3.On 2 June 2015 the Board, by its delegate the Professional Affairs Committee of the Board, formed the belief that that [sic] you are no longer a fit and proper person to hold the certificate (see LPA s 56(2)).
Outline of the facts and circumstances that form the basis for the Board's belief
4.In considering whether a holder of a local practising certificate is no longer a fit and proper person to hold a local practising certificate, the Board may take into account any matters relating to the holder the Board considers are appropriate (see LPA s 38(2)(f)).
5.The following facts and circumstances, which are set out in the reasons for decision of the Court of Appeal in AW v Rayney [2010] WASCA 161 delivered on 6 August 2010 and of Brian Martin AJ in The State of Western Australia v Rayney (No 3) [2012] WASC 404 delivered on 1 November 2012, form the basis of the Board's belief that you are no longer a fit and proper person to hold a local practising certificate[.]
Secret Recordings and Breach of Surveillance Devices Act 1998
(a)You secretly recorded conversations you had with Mrs Corryn Rayney using a handheld Dictaphone ([2010] WASCA 161, at [82], [281]; [2012] WASC 404, at [636]).
(b)The conversations referred to in paragraph (a) were recorded without Mrs Rayney's knowledge of consent ([2010] WASCA 161, at [82], [281]; [2012] WASC 404, at [641]-[643]).

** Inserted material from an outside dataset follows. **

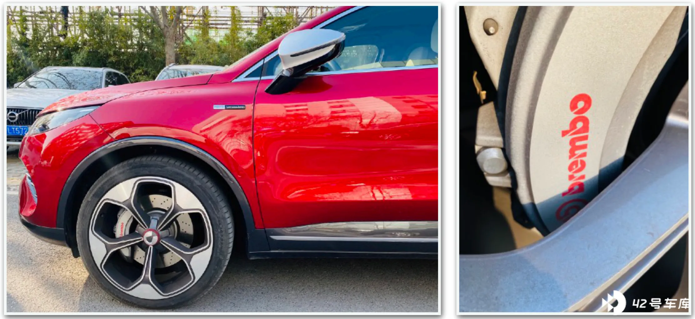 外观设计⾮常圆润,⼤红⾊很有质感,有点类似于⻢⾃达的魂动红,阳光下有⼀种红⾊流转的颜⾊渐变。22 ⼨的超⼤轮毂,Brembo 的卡钳配合宽体⻋身,显得运动感⼗⾜。

(c)Your conduct in recording the conversations referred to in paragraph (a) was not reasonably necessary to protect your lawful interests ([2010] WASCA 161, at [317] - [319] and [351]).
(d)Your conduct in recording the conversations referred to in paragraph (a) was in breach of s 5 of the Surveillance Devices Act 1998 ([2010] WASCA 161, at [82], [281], [366]).
False Evidence and False Claim of Legal Professional Privilege
(e)You stated in an affidavit filed on 2 February 2009 in support of a claim for legal professional privilege that the recordings referred to in paragraph (a) were made with Mrs Rayney's knowledge and consent ([2012] WASC 404, at [638]-[640]).
(f)You gave evidence on 19 November 2009 in support of the claim for legal professional privilege that the recordings referred to in paragraph (a) were made with Mrs Rayney's knowledge and consent ([2010] WASCA 161, at [322]; [2012] WASC 404, at [645], [649]).
(g)Your evidence in the affidavit filed on 2 February 2009 and on 19 November 2009 that the recordings were made with Mrs Rayney's knowledge and consent was knowingly false ([2010] WASCA 161, at [281J; [2012] WASC 404, at [643]-[654]).
(h)You knowingly made a false claim for legal professional privilege in relation to the recordings referred to in paragraph (a) ([2012] WASC 404, at [643]-[651]).
Disposing of Dictaphones
(i)You deliberately disposed of the Dictaphone used to record the conversations referred to in paragraph (a) and a Dictaphone used to record conversations with other third parties and thereby destroyed the original recordings ([2010] WASCA 161, at [217], [351]).
(j)You did so after the execution of search warrants on 22 August 2007 and 20 September 2007 ([2010] WASCA 161, at [351]).
(k)You knew that the non-electronic and electronic records sought by the police under the search warrants included Dictaphones ([2010] WASCA 161, at [217]).
(l)You made copies of the recordings and disposed of the Dictaphones to ensure that the Dictaphones and the original recordings were placed out of the reach of the authorities ([2010] WASCA 161, at [41]-[44]; [353]).
Arranging for Recordings of Telephone Conversations
(m)In or about July 2007, you arranged for a third person to intercept and record telephone conversations at your home address ([2012] WASC 404, at [180]-[185]).
(n)In doing so you wanted to record and listen to Mrs Rayney's conversations ([2012] WASC 404, at [214]).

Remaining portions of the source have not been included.